In an interview with Iris Cushing for Circumference, a journal of poetry in translation, Susanna Nied explains that she first encountered Inger Christensen’s work while she was an American exchange student in Denmark in the early 1960s. After returning to the US, Nied began translating Christensen’s early volumes of poetry, Light and Grass. While a graduate student in the ’70s, Nied showed her translations to one of her comparative literature professors, who encouraged her to send the translations to Christensen. Nied finally worked up the courage to do so in 1979. Christensen replied with positive feedback and asked if Nied would translate It, which was published in Denmark in 1969 to much acclaim.

Over the next couple of years Nied worked closely with Christensen in translations of her work, describing the process as “like chipping away at a block of marble, trying to recreate a sculpture” and gaining a more masterful understanding of the language, “learning [Christensen’s] own personal Danish, from the ground up.”

In 1980 Nied was awarded a grant to spend six weeks the following year in Denmark working with Christensen on translations. In late 1981, Christensen sent Nied her newly published alphabet and upon receiving it, Nied said, “No marble blocks here; I understood perfectly what was going on. I read straight through, finishing late at night, with tears running down my face.” Nied finished the preliminary draft of the translation the day before she flew to Denmark, never having told Christensen that she had begun translating it.

Somehow it took twenty years for Nied to find a publisher for her translation of alphabet in the US. In the same interview in the journal Circumference, Nied admits to feeling discouraged. If publishers do not profit from publishing poetry, they profit even less from poetry in translation. It strikes me that this is especially the case for translations reaching an American audience, a notoriously insular, monolingual body of readers. One can hope that this is changing.

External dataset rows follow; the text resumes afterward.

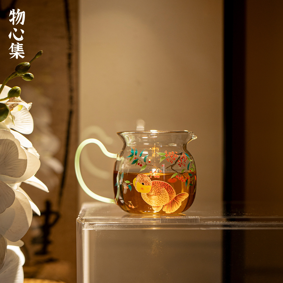 Wuxinji 高ホウケイ酸耐熱ガラス、熱くないグリーンアンバーのハンドル付きフェアカップ、家庭用ティーディバイダー、均一カップ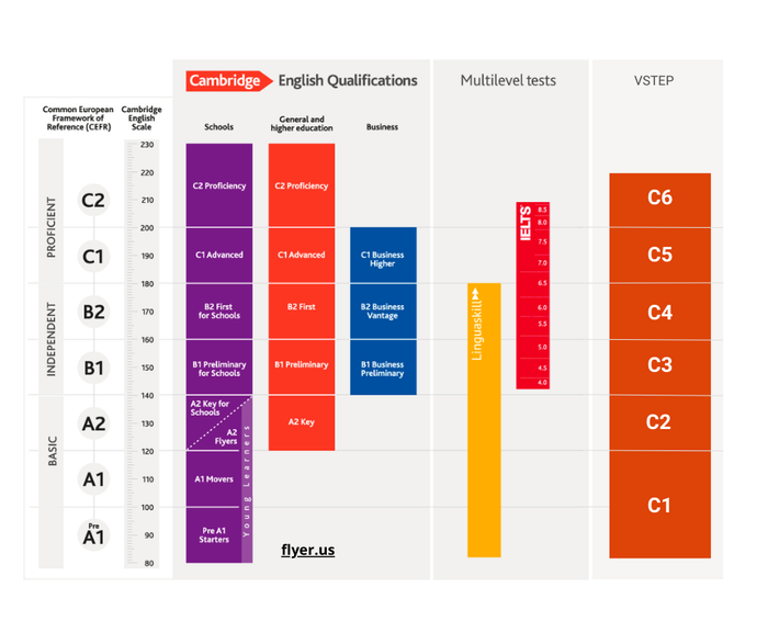 Các cấp độ bao gồm A1 Movers (dành cho trẻ em), A2 Flyers (dành cho trẻ em)/KET (dành cho thanh niên), B1 PET (dành cho thanh niên/người đi làm), B2 FCE (dành cho thanh niên/người đi làm), C1 CAE và C2 CPE (dành cho thanh niên/người đi làm).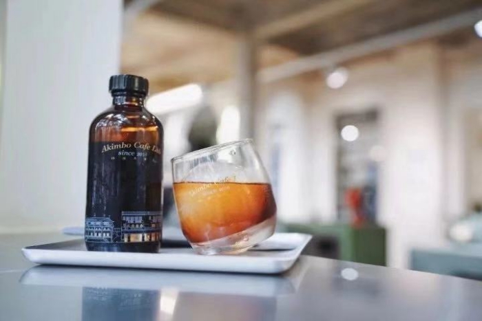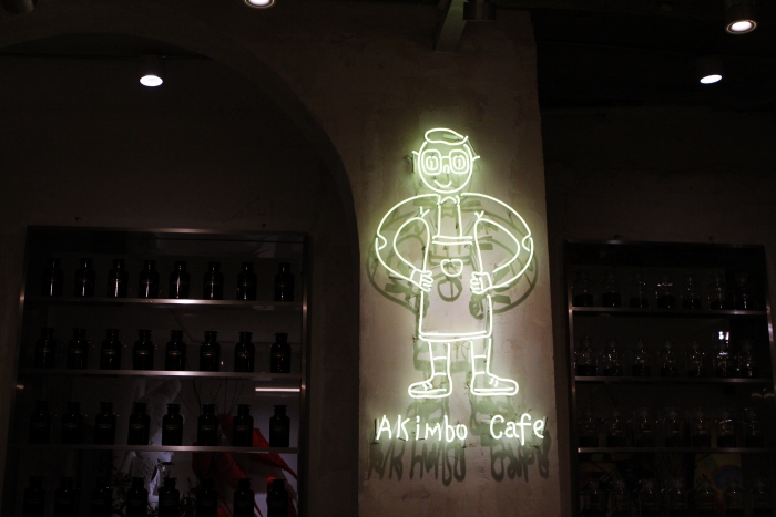 推开一扇银色铁门,首先映入眼帘的是一个开放式的咖啡店——“Akimbo Cafe Lab(艾肯博咖啡实验室)”。两年前,以设计师出身的创始人在深圳开了第一家Akimbo咖啡店,主打手冲咖啡。“Akimbo”在英语里是双手叉腰的意思,所以咖啡店的logo是一个双手叉腰的小男生,据说是以创始人为原型设计的。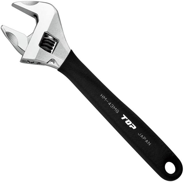 TOP工業(トップ工業) ワークワイド グリップ付 ブラック (ガタ無しモンキレンチ) 口開き0〜43mm HM-43MGBK 1個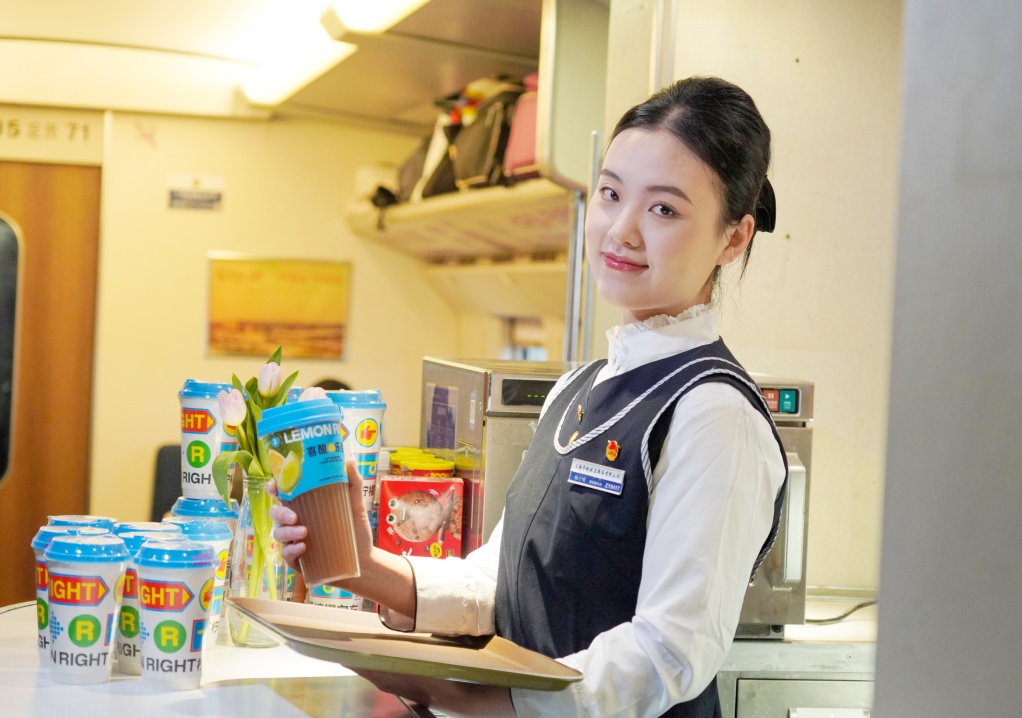 为满足旅客对多样化饮品的需求,该公司首次引进新式茶饮品牌,推出栀子云芽奶茶、黑糖珍珠奶茶两款暖心热饮,以及鸭屎香柠檬茶一款清爽冷饮,冷热搭配适和春季多变的天气。列车餐饮领班将根据客流数据动态调整备货,确保线路供应充足。与此同时,两款网红甜品饮料杨枝甘露、青提茉莉同步上车,以高颜值包装和清爽口感成为旅客旅途补水解乏的热门选择。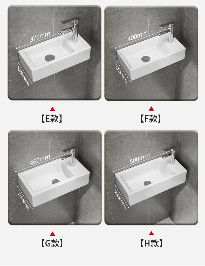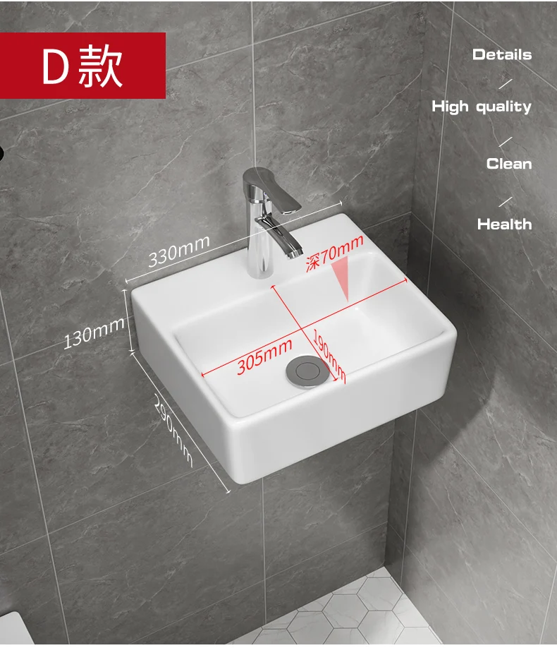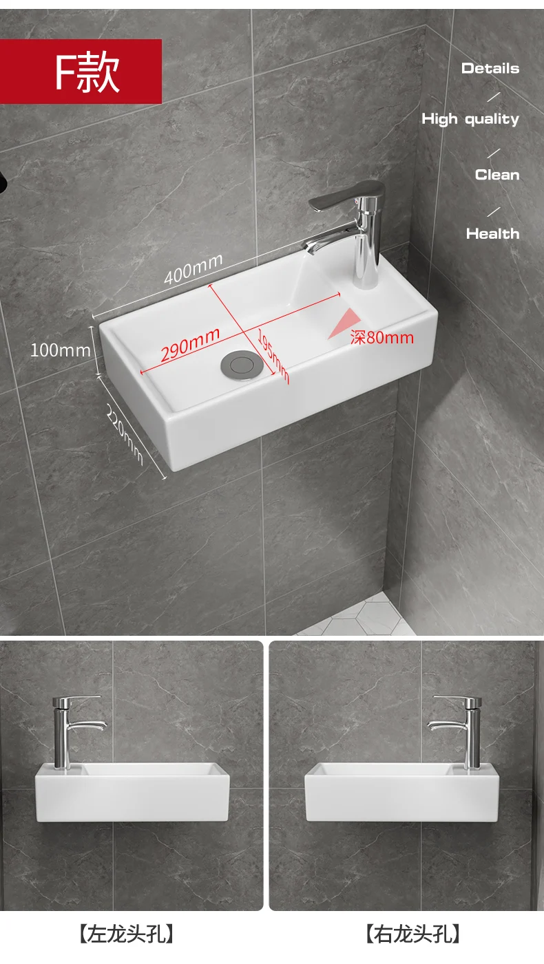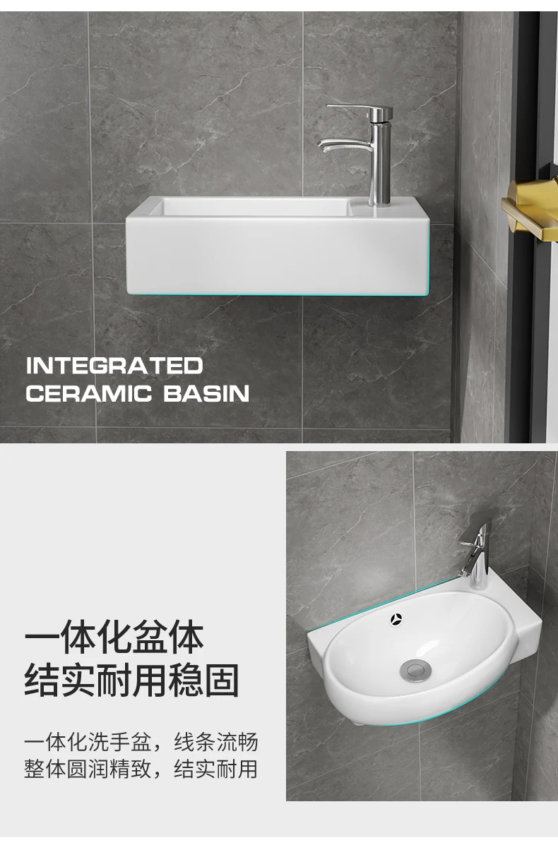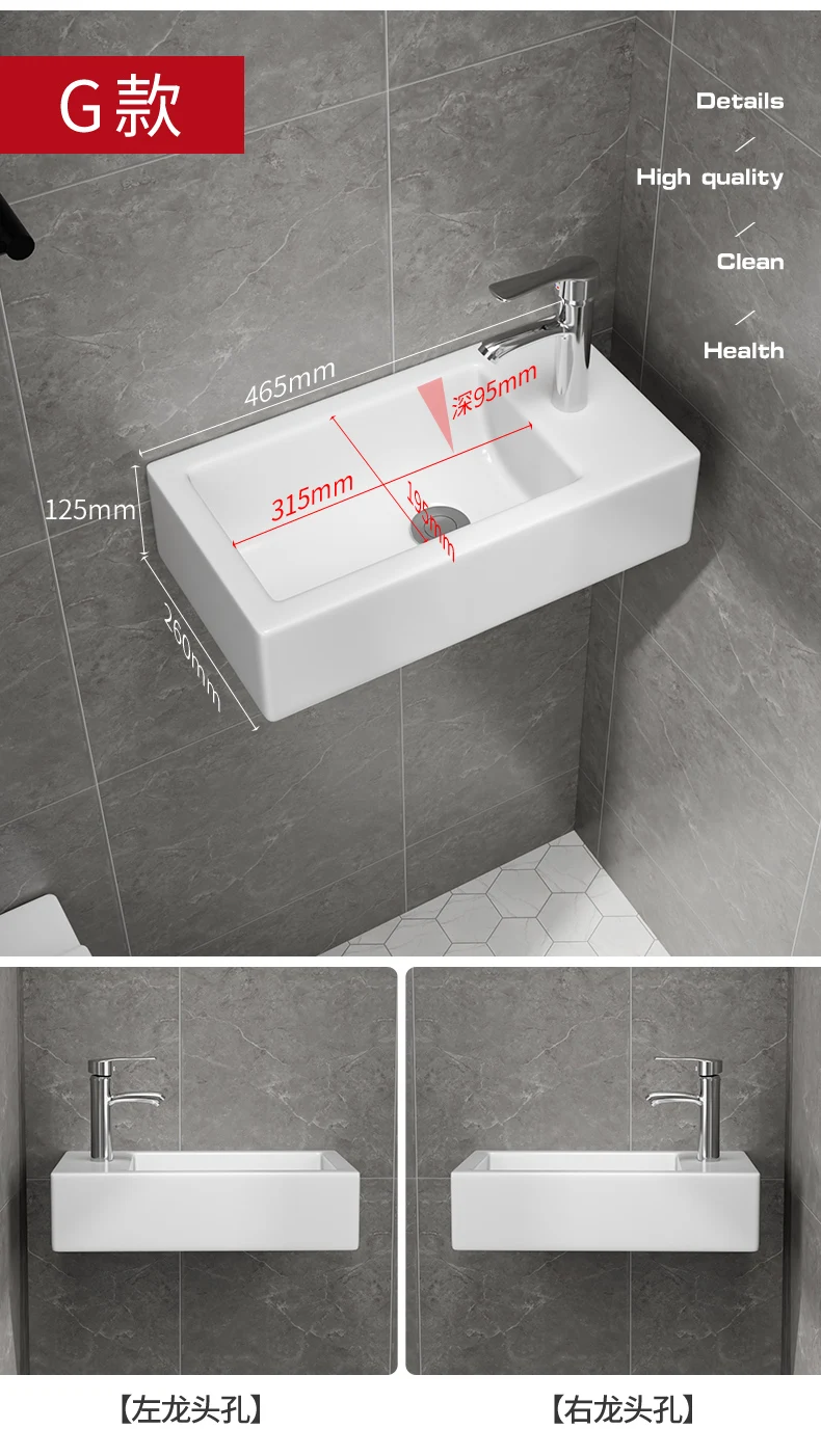 32/33/37cm Small Apartment Bathroom Sink Wall-mounted Ceramic Washbasin Balcony Washroom Corner Hanging Basin with Faucet Set

Because of the impact that Christensen’s poetry has had on me I’ve gained a new fascination with translation. What is this art? If languages are made up of symbols and constructs that shape our perception, then translators superimpose art upon art, translating perception. Christensen’s work often explicitly deals with ideas of perception through language and other symbolic constructs we create to order the world, which makes Nied’s ability to capture and recreate these ideas in the written work all the more admirable. I will admit to forgetting that I was reading poetry in translation while so absorbed in lines like, “guns and wailing women, full as / greedy owls exist; the scene of the crime exists; / the scene of the crime, drowsy, normal, abstract, / bathed in a whitewashed, godforsaken light, / this poisonous, white, crumbling poem” from alphabet. Yet each time I remember that what is before me is some kind of elemental collaboration my heart is glad that two humans’ art can be so perfectly aligned.